REQUIRED WORK: Output the full listing below exactly; the images stay out.

**** PROVIDED MATERIAL ****

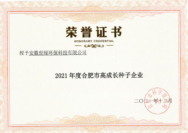 2021年合肥市高成長(zhǎng)企業(yè)認(rèn)定結(jié)果正式出爐啦!近日,合肥市科技局委托各區(qū)管委會(huì),對(duì)認(rèn)定企業(yè)發(fā)放了認(rèn)定證書。安徽世綠環(huán)保榮獲2021年合肥市高成長(zhǎng)種子企業(yè)。
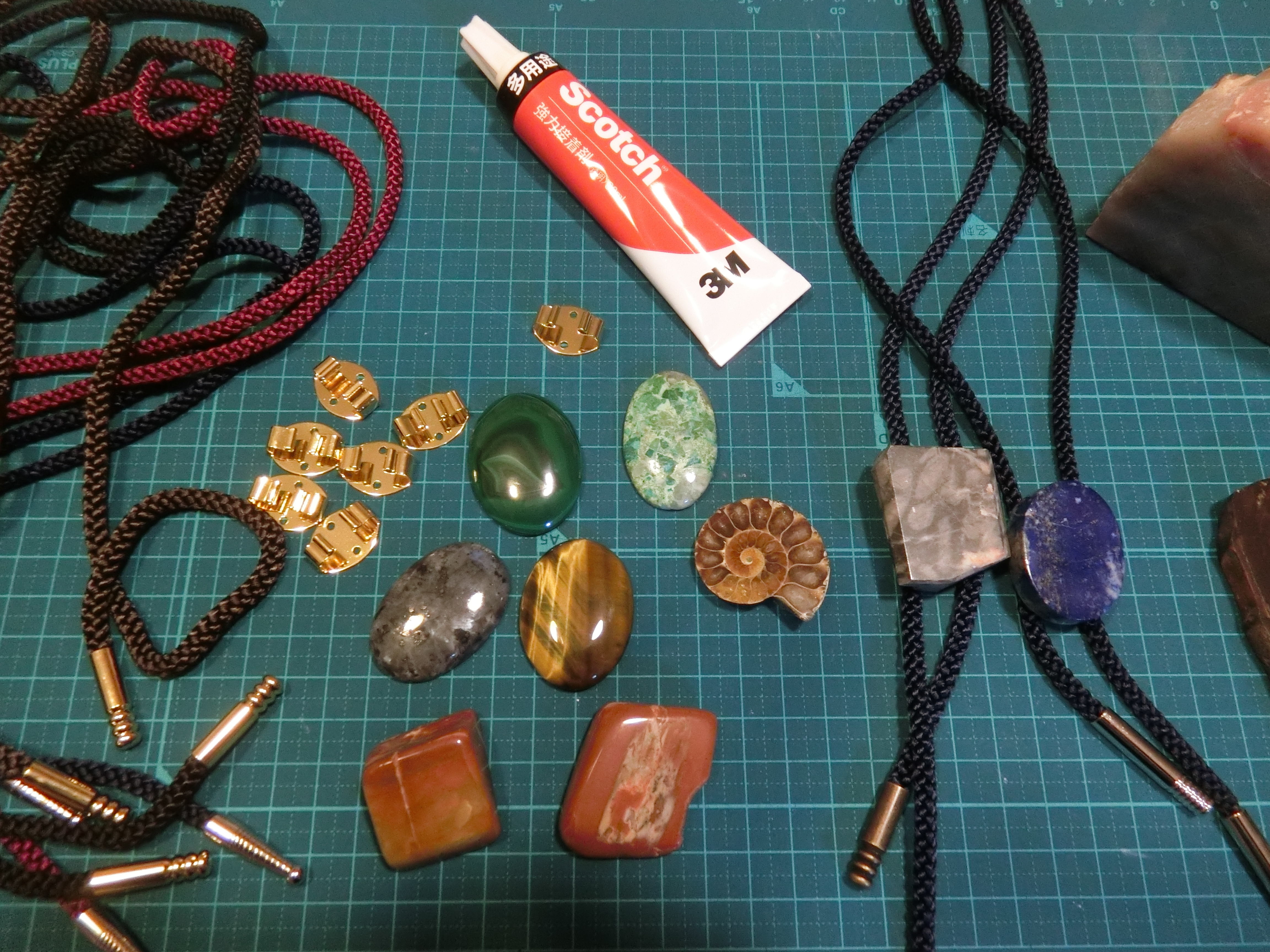 ループタイは、日本では高齢者がしているイメージですが、アメリカ人がよく使っていて、例えば西部劇にでてくる保安官や大学教授なんかがしていると思います。これでも、ネクタイしてるんです、とフォーマルなところでも一応主張できるし、なによりきつく締め付けることがないので、夏のクールビズ感覚でするようになりました。はじめは父親の形見の3本くらいをしはじめたのですが、どこに売っているかというと、洋服の○○などのビジネス紳士服店では売っていないのですね。老舗のデパートで店員に尋ねるとこちらだけの品でございますと、ほんの数本だけおいてあったりでした。なんか、土産物店のような場所に似合うような気がしてきました。そして、ネットで探したら飾り部分が天然石のものが見つかりました。で、2本ほど取り寄せてみると、これは紐と金具が全部共通なので、石に金具をボンドでつければ簡単に自作できることに気が付いたのです(紐と金具はユザワヤに売っています)。というわけで、すでに4本ほど作りましたが、今回ミネラルショーの出店の中にアクセサリーパーツの店を見つけて、金具がおいてあったので、1000円以下の石をあれこれ選んでしまいました。また、高さ15㎝ほどのウルグアイ産アメジストの置物と、ペーパーウェイトらしきアリゾナの珪化木と縞状鉄鉱など合計1万5千円くらい使ってしまいました。
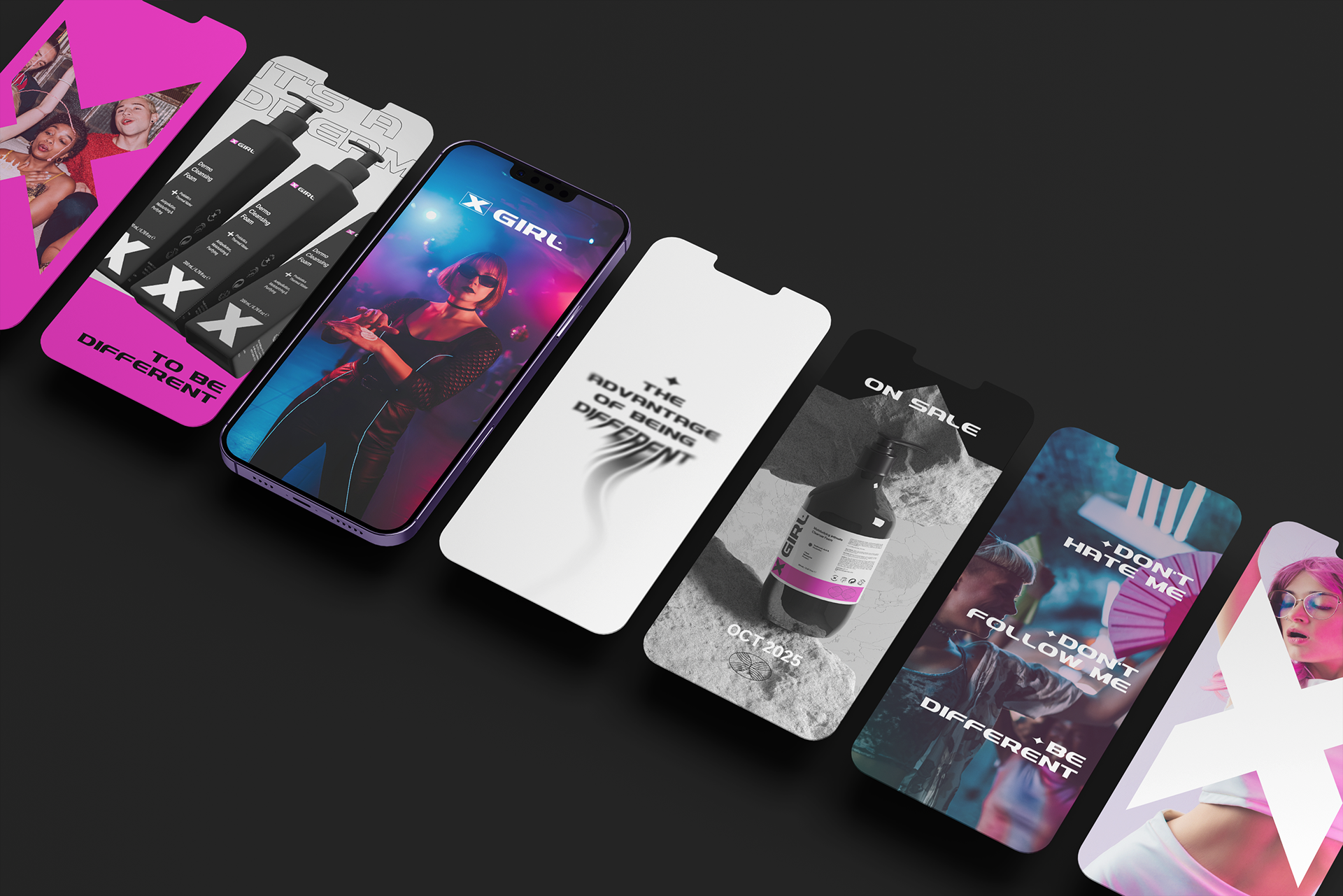 This branding project emerges from an intimate perspective: the emotional and aesthetic observation of a young woman who found in electronic music and the subversion of social codes a form of catharsis and personal expression. X GIRL is, therefore, the symbolic embodiment of that universe; dark, intense, emotional, and deeply authentic.

****

ANSWER SECTION:
 2021年合肥市高成長(zhǎng)企業(yè)認(rèn)定結(jié)果正式出爐啦!近日,合肥市科技局委托各區(qū)管委會(huì),對(duì)認(rèn)定企業(yè)發(fā)放了認(rèn)定證書。安徽世綠環(huán)保榮獲2021年合肥市高成長(zhǎng)種子企業(yè)。
 ループタイは、日本では高齢者がしているイメージですが、アメリカ人がよく使っていて、例えば西部劇にでてくる保安官や大学教授なんかがしていると思います。これでも、ネクタイしてるんです、とフォーマルなところでも一応主張できるし、なによりきつく締め付けることがないので、夏のクールビズ感覚でするようになりました。はじめは父親の形見の3本くらいをしはじめたのですが、どこに売っているかというと、洋服の○○などのビジネス紳士服店では売っていないのですね。老舗のデパートで店員に尋ねるとこちらだけの品でございますと、ほんの数本だけおいてあったりでした。なんか、土産物店のような場所に似合うような気がしてきました。そして、ネットで探したら飾り部分が天然石のものが見つかりました。で、2本ほど取り寄せてみると、これは紐と金具が全部共通なので、石に金具をボンドでつければ簡単に自作できることに気が付いたのです(紐と金具はユザワヤに売っています)。というわけで、すでに4本ほど作りましたが、今回ミネラルショーの出店の中にアクセサリーパーツの店を見つけて、金具がおいてあったので、1000円以下の石をあれこれ選んでしまいました。また、高さ15㎝ほどのウルグアイ産アメジストの置物と、ペーパーウェイトらしきアリゾナの珪化木と縞状鉄鉱など合計1万5千円くらい使ってしまいました。
 This branding project emerges from an intimate perspective: the emotional and aesthetic observation of a young woman who found in electronic music and the subversion of social codes a form of catharsis and personal expression. X GIRL is, therefore, the symbolic embodiment of that universe; dark, intense, emotional, and deeply authentic.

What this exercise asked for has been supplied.